I'll show you the principle of face recognition

Date:2019-12-04


Now more and more mobile phones support face recognition technology. What is the principle of face recognition? And what is the principle of 3D structured light used by some mobile phones? Since it's face recognition, we need the corresponding equipment to obtain the face information of our face.

一文带你读懂,人脸识别原理,以及部分手机采用的3D结构光原理

At present, there are two ways to obtain our facial information on mobile phones. One is the scheme of the vast number of Android mobile phones at present, which is 2D face recognition directly through the front camera. The other is 3D face recognition realized by components like apple mobile phone and bangs. Although one is 2D and the other is 3D, the principles of face recognition are basically the same, so let's first understand the principles of face recognition. When we use face recognition for the first time, we need to input our face information just like fingerprint unlocking.

一文带你读懂,人脸识别原理,以及部分手机采用的3D结构光原理

After the camera collects our facial information, we need to process our images first, because when we input facial information, our environment is very different. Some images may be a little weak in light, and some images may be a little noisy. So we need to process the image so that the mobile phone can recognize our facial information more easily. After this step, we need to extract our facial feature information, such as the distance between organs and the geometry of organs, which can be extracted. After extracting our facial feature information, these feature information will be saved. When we unlock the mobile phone, the mobile phone will repeat the previous steps.

一文带你读懂,人脸识别原理,以及部分手机采用的3D结构光原理

Comparing the extracted facial feature information with the first entered facial feature information, as long as most of the above feature information can be matched, the mobile phone can be unlocked. This is the general principle of our face recognition. Extracting facial information is like extracting secret code. The more information the password contains, the higher the security. Our current Android mobile phone Through a front-end camera, including the infrared camera of Xiaomi eight. All of our face photos are taken directly, and all of them are plane images, that is to say, 2D face recognition. Because what the camera takes is a plane image, so we can directly use a picture to face the camera head, and we can cheat our face recognition, no matter whether we use the camera to take three-dimensional images Face, or directly to a picture, which is a plane image, so 2D face recognition is like a six digit pure digital password.

一文带你读懂,人脸识别原理,以及部分手机采用的3D结构光原理

In order to improve the security of 2D face recognition, there will be a variety of algorithms, such as border detection, inverse detection and so on. To a certain extent, we can avoid using photo video to cheat 2D face recognition. But the six digit password is a six digit password after all. We can improve the security of face recognition in essence only by increasing the number of digits, increasing the case letters, even the special symbols, and adding more feature information. So we not only need to get the distance and geometry between the face organs, but also get the depth information of the face, which is what we call 3D face recognition technology, so far. There are three kinds of technologies to obtain the depth information of our face, one is TOF (time of flight technology), that is, the sensor emits infrared light, which is reflected back to the sensor from the object surface, and the sensor converts the depth information by looking up the phase between the emitted and reflected light.

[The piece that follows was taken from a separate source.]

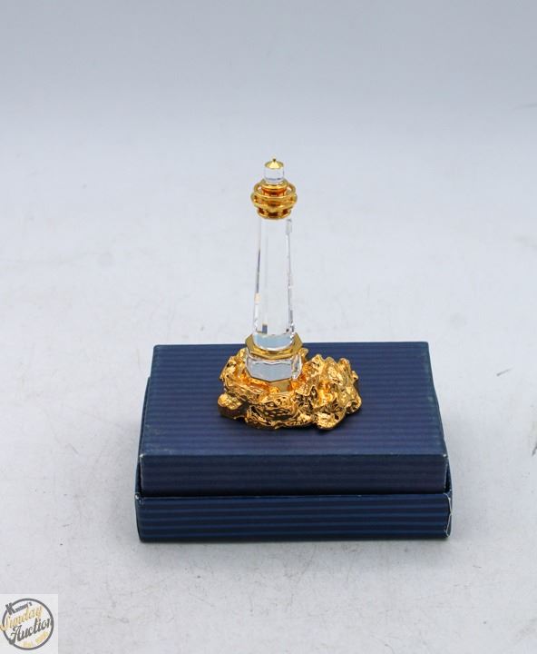 LIGHTHOUSE WITH 18KT GOLD PLATED DETAILS. RETIRED 2005 STAMPED **ALL ITEMS MUST BE REMOVED BY 5PM SATURDAY, DECEMBER 6TH 2025. ALL REMAINING ITEMS WILL BE SUBJECT TO A $6.00 PER DAY STORAGE CHARGE. ANY ITEMS REMAINING AFTER MONDAY, DECEMBER 22ND 2025 WILL BE CONSIDERED FORFEITED. NO REFUNDS WILL BE ISSUED FOR FORFEITED ITEMS. TO SCHEDULE A PICK UP APPOINTMENT CLICK HERE

一文带你读懂,人脸识别原理,以及部分手机采用的3D结构光原理

The second is the binocular ranging technology, which is similar to our human eyes. If we shoot directly with two cameras, we will get two different plane images, and then mark the same features on the two images. Finally, the depth information is calculated based on the triangulation principle, but the difficulty of binocular ranging is to mark the common feature points of the two images accurately. What does this mean? For example, when we are shopping with our little friend, the little friend is the camera on the left, and we are the camera on the right. The picture we see now is the perspective of walking on the street. At this time, the little friend said, look at the little sister in the red dress in front of us. We should have a deep understanding at this time, although the little friend said It's the little sister in red, but it's still very difficult for us to find this at once. This is a difficulty in our binocular distance measurement. How can we solve this problem? We can let our little friend take a laser pen, just like his little sister. Now we can find the target immediately. This is what we call 3D structured light technology.

一文带你读懂,人脸识别原理,以及部分手机采用的3D结构光原理

So we can see in the introduction of Apple's or Xiaomi's official website that there is a dot matrix projector and an infrared camera in the bangs. The dot matrix projector projects light points to our faces. The infrared camera directly finds the light points projected on our faces. After finding the light points, the following steps are the same as the binocular distance measurement. Use the principle of triangulation to calculate the depth of a light point Degree information. This is the principle of our 3D structured light, but in apple and Xiaomi's official website, when they show invisible light spots projected on the face, we can find them. Apple and millet have different views. Apple is small dots, while millet is light dots like QR code. What's the difference between them? Apple belongs to speckle structured light, its speckle has certain randomness, so the security will be better, but the corresponding calculation will be larger, and millet belongs to the regular coding structured light, the advantage is that the calculation will be smaller, but compared with the former, the security will be slightly lower.